Apache Spark

PySpark array_position() & array_repeat()

In Python, PySpark is a Spark module used to provide a similar kind of Processing like spark using DataFrame.

In this article we will discuss the array_position() and array_repeat() methods used to operate on arrays of data.

Before we start on that we need to disuss the StructType() and StructField() methods which are used to define the columns in the PySpark DataFrame. By using these methods, we can define the column names and the data types of the particular columns. And also the ArrayType method used to define an array.

Let’s discuss them one by one

StructType()

This method is used to define the structure of the PySpark dataframe. It will accept a list of data types along with column names for the given dataframe. This is known as the schema of the dataframe. It stores a collection of fields

StructField()

This method is used inside the StructType()  method of the PySpark dataframe. It will accept column names with the data type.

ArrayType()

This method is used to define the array structure of the PySpark dataframe. It will accept a list of data types. It stores a collection of fields. We can place datatypes  inside ArrayType().

So In this article, we have to create a dataframe with an array. Let’s create a dataframe with 2 columns.
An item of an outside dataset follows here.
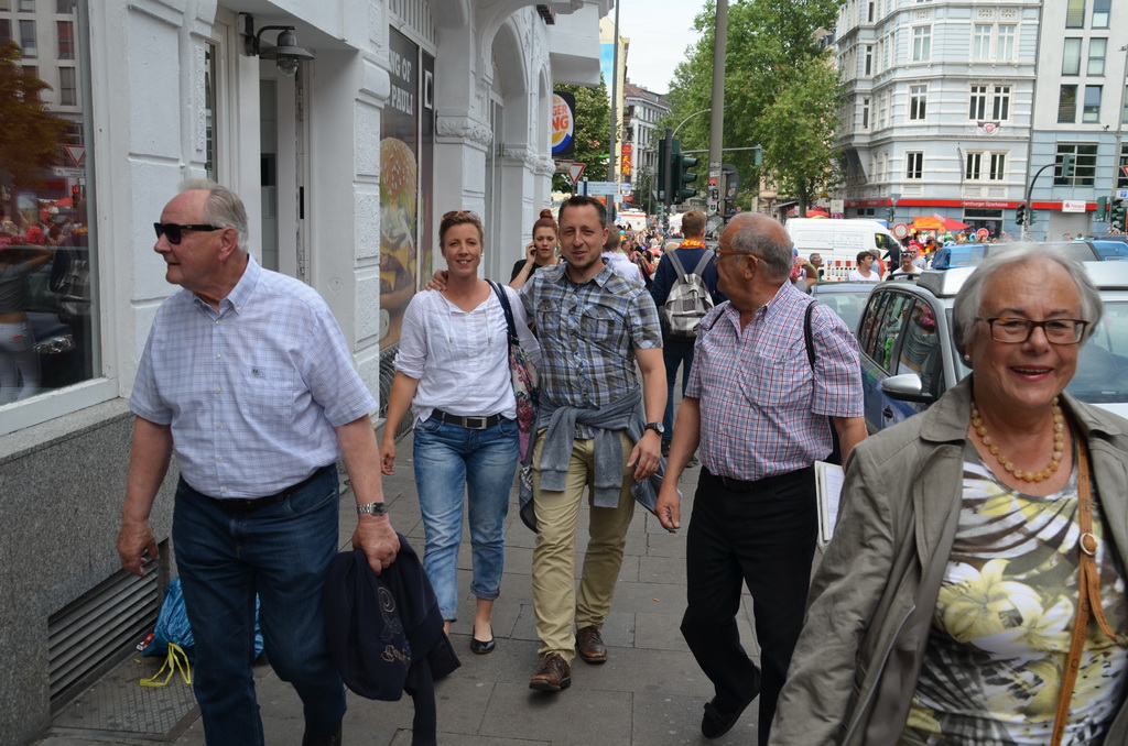 | ... ja, es geht zu Fuß zum Hafen, da ja Schlagermove ist und der Bus nicht mehr die Reeperbahn befahren darf. |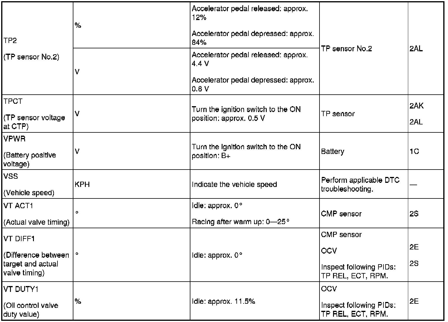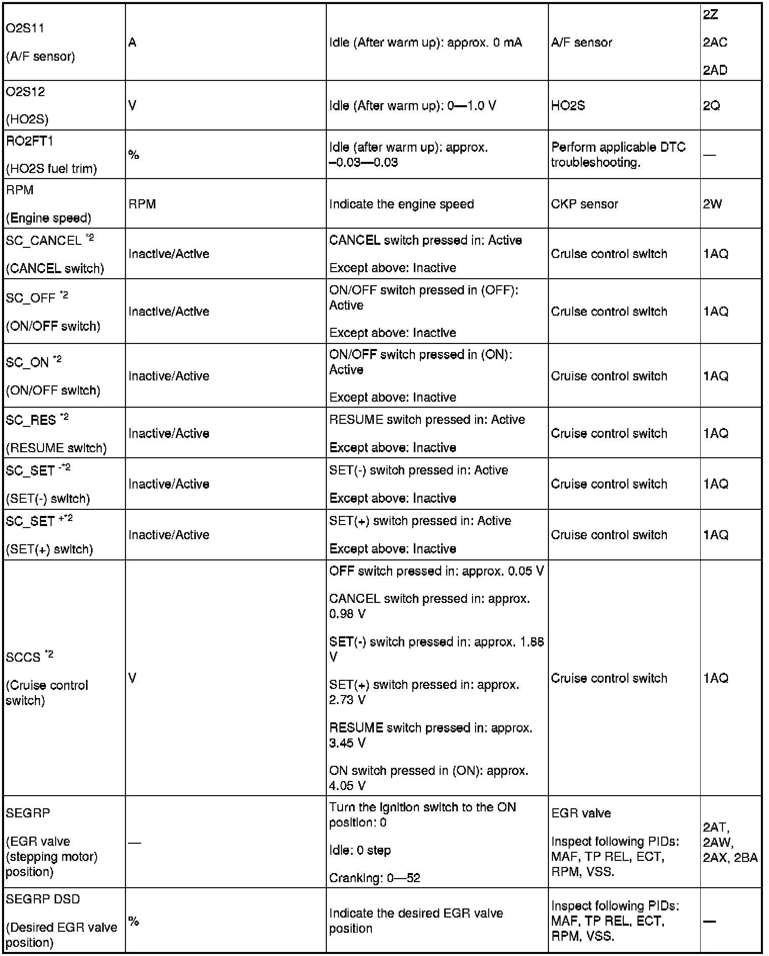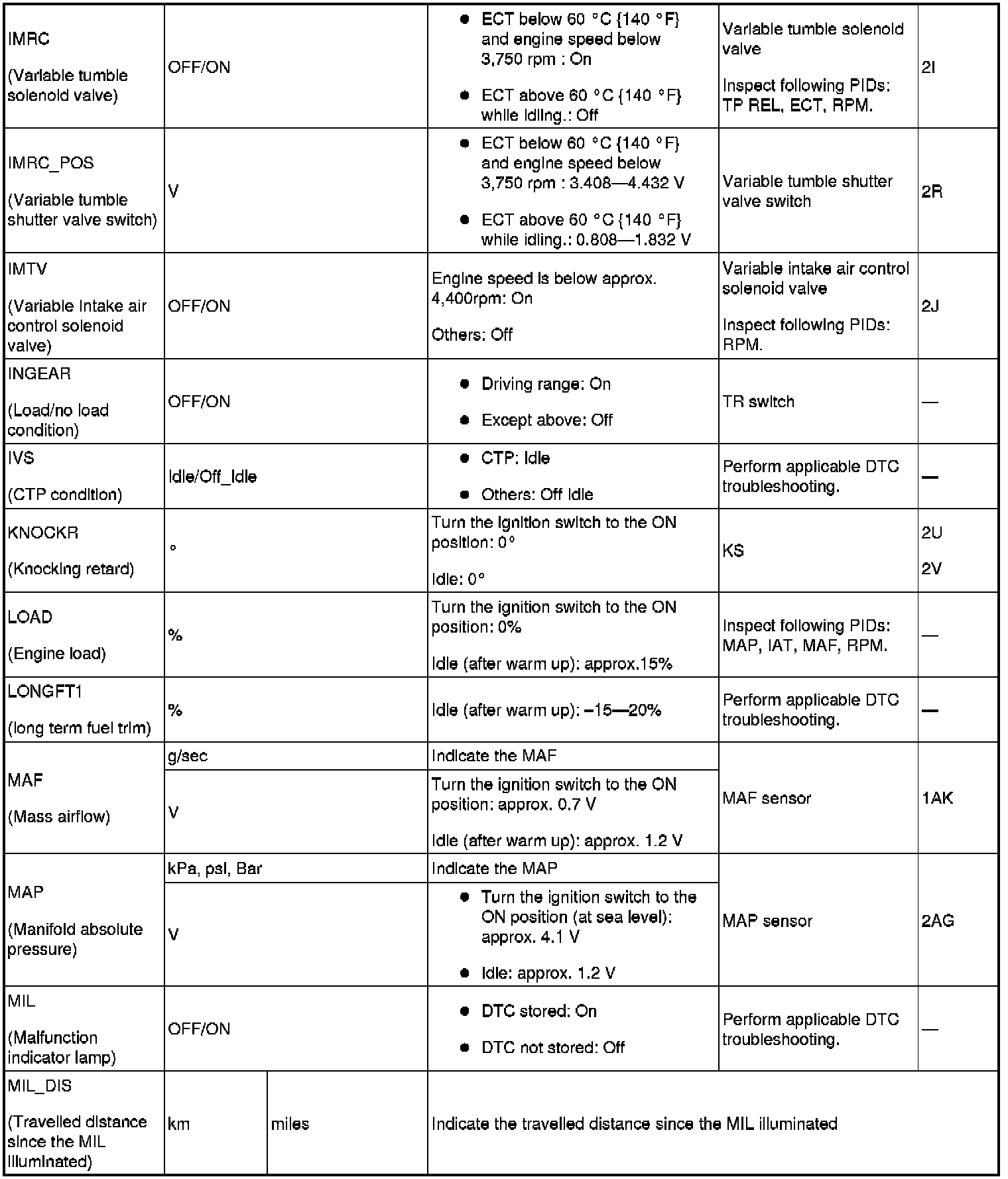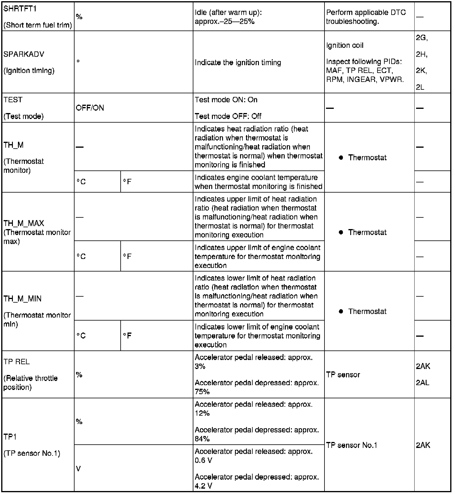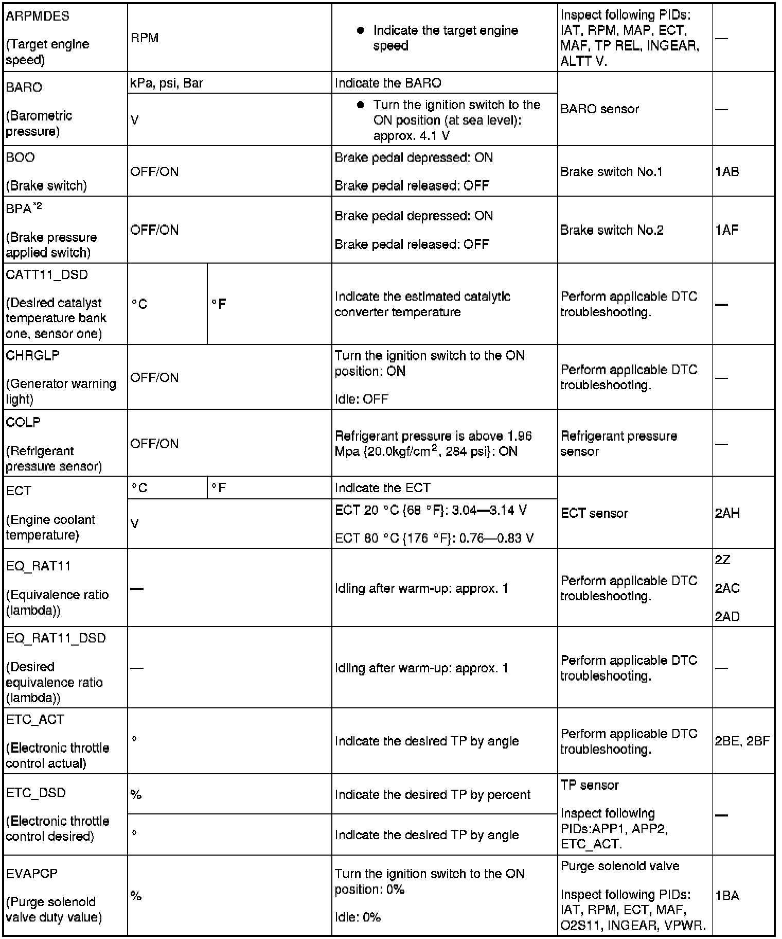 PID/DATA Monitor Table (Reference) (Part 2):

First column is Student_category that refers to the integer field to store student id’s and the second column – Student_full_name is used to store string values in an array created using ArrayType().

#import the pyspark module
import pyspark
#import SparkSession for creating a session
from pyspark.sql import SparkSession
#and import struct types and other data types
from pyspark.sql.types import StructType,StructField,StringType,IntegerType,FloatType,ArrayType
from pyspark.sql.functions import array_contains
#create an app named linuxhint
spark_app = SparkSession.builder.appName('linuxhint').getOrCreate()
 
# consider an array with 5 elements
my_array_data = [(1, ['A']), (2, ['B','L','B']), (3, ['K','A','K']),(4, ['K']), (3, ['B','P'])]

#define the StructType and StructFields
#for the above data

schema = StructType([StructField("Student_category", IntegerType()),StructField("Student_full_name", ArrayType(StringType()))])

#create the dataframe and add schema to the dataframe
df = spark_app.createDataFrame(my_array_data, schema=schema)

df.show()

Output:

array_position()

array_position() is used to return the position of the value present in an array in each row of the array type column. It takes two parameters, the first parameter is the array column, and the second parameter is the value. It returns the value position in each array. Position starts with 1.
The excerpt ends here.